Consider the context-free grammar:

S -> S S + | S S * | a

and the string aa + a*.

  1. Give a leftmost derivation for the string.
  2. Give a rightmost derivation for the string.
  3. Give a parse tree for the string.
  4. ! Is the grammar ambiguous or unambiguous?
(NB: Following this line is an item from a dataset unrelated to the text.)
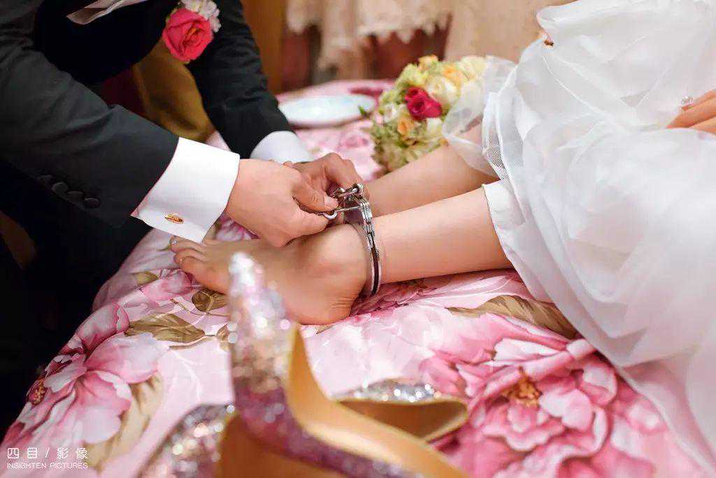 新娘直接铐上,找不到钥匙的话新郎就只能抱着伴郎哭哭了。

Justify your answer.
  5. ! Describe the language generated by this grammar.

Answer

  1. S =lm=> SS* => SS+S* => aS+S* => aa+S* => aa+a*

  2. S =rm=> SS* => Sa* => SS+a* => Sa+a* => aa+a*

  3. 4 2 1

  4. Unambiguous

  5. The set of all postfix expressions consist of addition and multiplication

4.2.2

Repeat Exercise 4 . 2 . 1 for each of the following grammars and strings:

  1. S -> 0 S 1 | 0 1 with string 00011l.

  2. S -> + S S | * S S | a with string + * aaa.

  3. ! S -> S (S) S | ε with string (()())

  4. ! S -> S + S | S S | (S) | S * | a with string (a+a)*a

  5. ! S -> (L) | a 以及 L -> L, S | S with string ((a,a),a,(a))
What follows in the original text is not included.